1990’lı yıllarda Refah Partisi, Türkiye siyasetinde seküler sağ ve solun bölünmüşlüğü içinde yükselip iktidar adayı olduğunda ABD’nin Yahudi kökenli Türkiye masası şefleri derin bir kaygıya sürüklendiler.

Süreci tamamen “Kürt Sorunu” üzerinden okuyan masa şefleri Graham Fuller ve Henry Barkey, “Türkiye’nin Kürt Sorunu” adlı raporlarında Refah Partisi’nin yükselişini tamamen “Kürt Sorunu” üzerinden okumayı tercih ettiler. Başka bir ifadeyle Kürt mevzusunu Türkiye siyasetinde “anahtar mevzu” olarak ele alan ikili, bütün Türkiye siyasetini söz konusu mevzuya el atarak değiştirebileceklerine inanmışlardı. Çok manidar bir şekilde bu iki CIA çalışanının raporuna ön sözü Yahudi ABD eski elçisi Morton Abramowitz mukaddime yazmış, raporu yine Yahudi Fransız büyükelçisi Eric Rouleau tanıtmıştır. Dolayısıyla rapor ekibi, tamamen Yahudi’dir.

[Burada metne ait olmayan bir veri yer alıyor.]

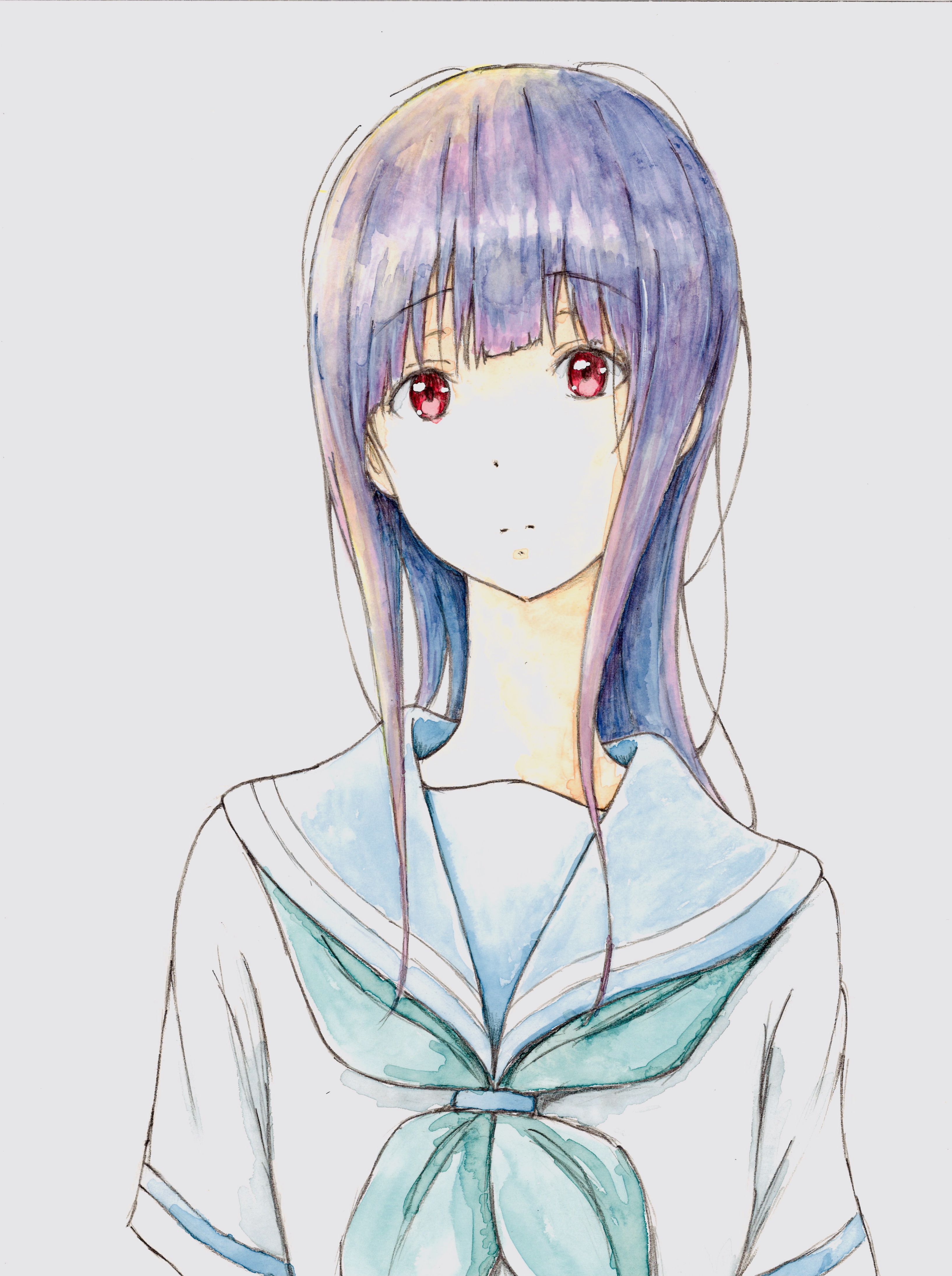 1girl absurdres bbmasa blue_hair blue_sailor_collar blunt_bangs closed_mouth commentary_request gradient_background green_neckerchief grey_background hibike!_euphonium highres kitauji_high_school_uniform liz_to_aoi_tori long_hair long_neck looking_at_viewer neckerchief red_eyes sailor_collar school_uniform shirt solo summer_uniform traditional_media white_shirt yoroizuka_mizore

Fuller ve Barkey, Refah Partisi’nin yükselişini tabii bir yükseliş veya İslâmî kesimin bir zaferi olarak değil, “devletin kurucu aklının partisi” olarak konumunu ifade ettikleri CHP’nin kuruluş günleri siyasetindeki ısrarının bir neticesi olarak görüyorlar; Türkiye’de “siyasal İslam’ın” yükselişinin temel sorumlusu olarak bu tutumu tespit ediyorlar ve Kürt mevzusunu merkeze alarak CHP’yi bu ısrardan vazgeçmeye davet ediyorlardı.

Merhum Necmettin Erbakan, Kürt mevzusu ile ilgili söylemi ile Türkiye’de muhafazakâr yapılara giydirilen gömleği yırtma teşebbüsünde bulunmuş, bunun bereketi görülmüş ve bu, dışarıyı panikletmişti.

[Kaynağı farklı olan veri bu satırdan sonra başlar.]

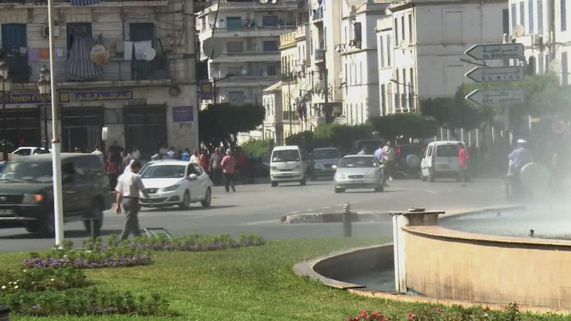 Images illustrate aspects of the Algerian economy, with major banks and people shopping at markets in the capital Algiers. STOCKSHOTS

Bölgenin kendi köklerine dayalı ve geçmişten beri Türkiye’nin genel İslâmî yapısıyla barışık olmayı önemseyen İslâmî yapısının yükselişi de Barkey ve Fuller’in beyan ettikleri endişe kaynakları arasındaydı. Onların bu endişeleri süreç içinde Emre Uslu tarafından doktora tezi olarak Utah Üniversitesi’ne sunuldu.

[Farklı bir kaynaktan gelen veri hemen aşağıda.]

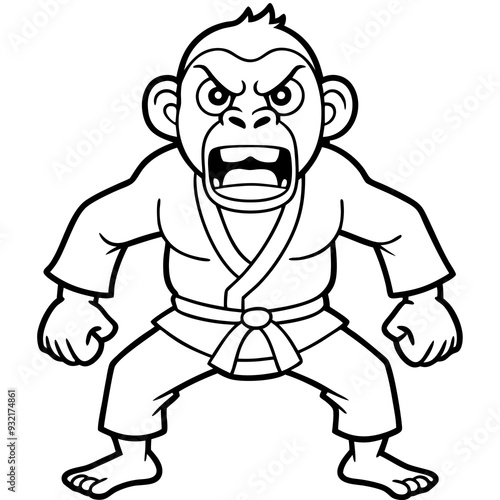 Obraz premium Angry Karate monkey White Background line art vector illustration

Doktorasını üniversitenin bursuyla yapan Uslu, tezinin sonuç bölümünde açık bir dille Türkiye’nin kuruluş aşamasındaki rolünde kalması için Kürt dindarlığının kontrol altına alınmasını öneriyordu.

Uslu, bunun için PKK’nin siyasal kanadının bir sosyal dönüştürücü olarak özgür bırakılmasını; buna karşı kendi ifadesiyle bölgenin dindar sosyal yapısının değişmesinin önündeki en önemli engeli teşkil eden Peygamber Sevdalıları camiasına yönelik örgütsel bir adlandırma yaparak Nazilere uygulanan sert yöntemlerin kullanılmasını öneriyordu. Ona göre, Türkiye’nin laik yapısının korunması için bu yapıya karşı demokratik hakların yok sayılması elzemdir ve bunun meşruiyet misali Avrupa’nın Nazilere yönelik uygulamalarıdır.

Anlaşıldığı kadarıyla Türk solu ve Türk sosyal demokrat çevrelerle sıkı bir ilişkiye sahip Barkey ile 15 Temmuz darbecileri ile sıkı bir dostluğu bulunan Fuller, HDP’yi ve Amerika’ya itaat eden 15 Temmuz darbecilerini ikna etmişlerdi. Geriye sadece CHP’nin iknası kalmıştı. Rapor da bu iknanın mümkün ama güçlükleri üzerine kurulmuştu. İkili; aslında CHP’den çok şey beklemiyordu, despotik seküler çekirdek yapısını ve örgütlenmesini korusa da güncel siyasette bir açılım gerçekleştirmeli ve buna da Kürt mevzusuna yönelik bariyerini kaldırmakla başlamalıydı.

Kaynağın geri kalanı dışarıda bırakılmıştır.